De pequeño tenía una pesadilla habitual: soñaba que salía de la casa en que por entonces vivía, cruzaba la calzada y subía por la calle que desembocaba en la avenida. No siempre lo hacía por el mismo motivo: unas veces iba a comprar algún capricho al otro lado del bulevar y otras salía empujado por una fuerza irresistible ajena a mí, como un viento muy fuerte que me arrastraba por la acera como una marioneta, con un hormigueo que me oprimía el pecho y la sibilina promesa de un destino. Pero había un momento en que el misterioso empuje me abandonaba y yo quedaba libre de regresar. Entonces, al embocar otra vez la bajada de vuelta, descubría horrorizado desde lo alto que mi casa estaba reducida a escombros, y sobre ellos campeaba un tropel de máquinas pintadas de amarillo.
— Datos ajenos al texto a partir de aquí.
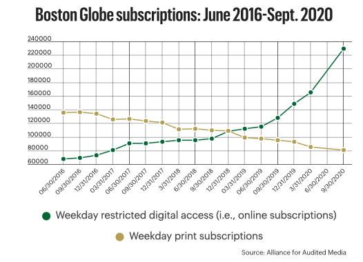 Meanwhile, the redoubtable Dan Kennedy at Media Nation provided this update on the Globe’s Fall 2020 circulation numbers, which included roughly 220,000 digital-only subscribers.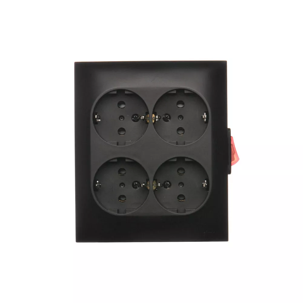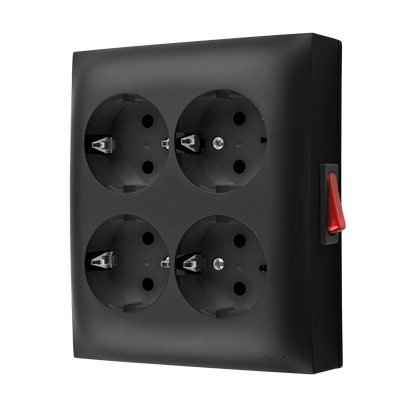 Simon Aquaclick WA-GSZN4W1-xx-49xx Gniazdo wtyczkowe natynkowe, Schuko, 4-krotne, z wbudowanym wyłącznikiem, IP20, 16A, 250V~, zaciski śrubowe; czarny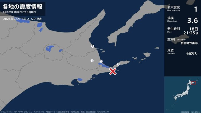 震度1 根室地方南部 21:26ごろ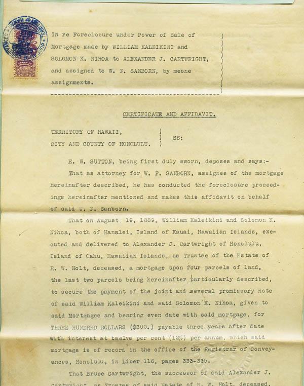 Hawaii, 1913, Real Estate Deed, bearing "Territory of Hawaii / Not Liable To Duty" revenue stamp (Meyer-Harris 463). The 5-page document is neatly typewritten and bears a notary seal at the end, Fine to Very Fine. Estimate $200 - 300. Suggested Bid $200-300 (Image)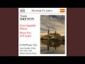 His Piano Trio in E Major dates from 1891 and blends elements of the early Viennese romantic style with the richer more florid writing of late romantic French chamber music. The opening movement, Allegro commodo, begins quietly but quickly gets moving. The main theme is based on an upward scale passage. If one listens carefully, one can hear tinges of Spanish melody. The second theme is quite lyrical. The second movement, Andante, highlights the singing quality of Bretón's writing and its pacing clearly shows him as a master of music for the stage. One can well visualize a lovely duet between singers. A charming scherzo, Allegro molto, follows. Here the influence of the late French romantics, in particular Saint-Saens, can be heard. The finale, Allegro energico, begins with a rhythmically unusual theme. The music is brilliant and animated.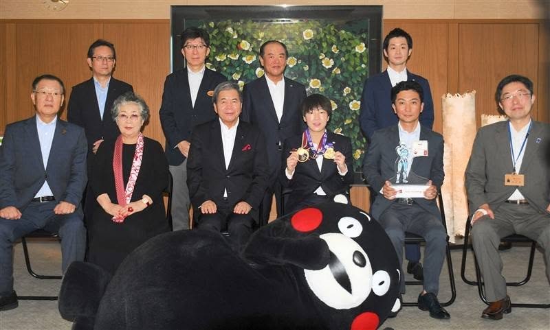 William Things one might not associate with Kumamon and badminton might be one, but remember: this guy (?) somehow swims. Pictured is Akane Yamaguchi, who won the badminton world championship in Tokyo in August, visiting with Kumamoto Governor Ikuo Kabashima. Kumamon might not be “bad"minton but “good"minton! (Drops mike as wife slaps him.) Also, a reminder about how excruciating it must be to be a human inside a stuffed animal on the beach in the middle of summer.

Aquella casa era un edificio de los años 40, de bajo y dos pisos y con tres ventanas de anchura. Un ramal de la avenida se descolgaba hasta él como un tobogán, por lo que tenía buena visibilidad desde aquella altura. Era modesto pero singular en su calle, en particular porque, frente al aspecto rústico o monótono de la mayoría, tenía su fachada moldurada por sencillas cornisas, alféizares y guardapolvos, todo ello revestido de un enfoscado gris muy rugoso; pero sobre todo porque la superficie de la pared estaba animada con bandas horizontales modeladas en el cemento y pintadas de amarillo pálido, separadas entre sí por delgados surcos granates. El portal era un lugar pequeño, centralizado por un dibujo sobre el pavimento de terrazo, y de él partía la escalera con su pasamanos de madera montado sobre anillas metálicas entrelazadas de color verde. Desde el portal, las escaleras también descendían, en primer lugar a una vivienda en el bajo, y después a la planta de sótano. Desde este sótano podía accederse a un patio trasero, pues el nivel del suelo en la fachada posterior estaba por debajo del que correspondía a la entrada principal. Allí había dos galpones donde se almacenaba la leña de las cocinas de hierro y cuyas cubiertas planas se aprovechaban para tendal.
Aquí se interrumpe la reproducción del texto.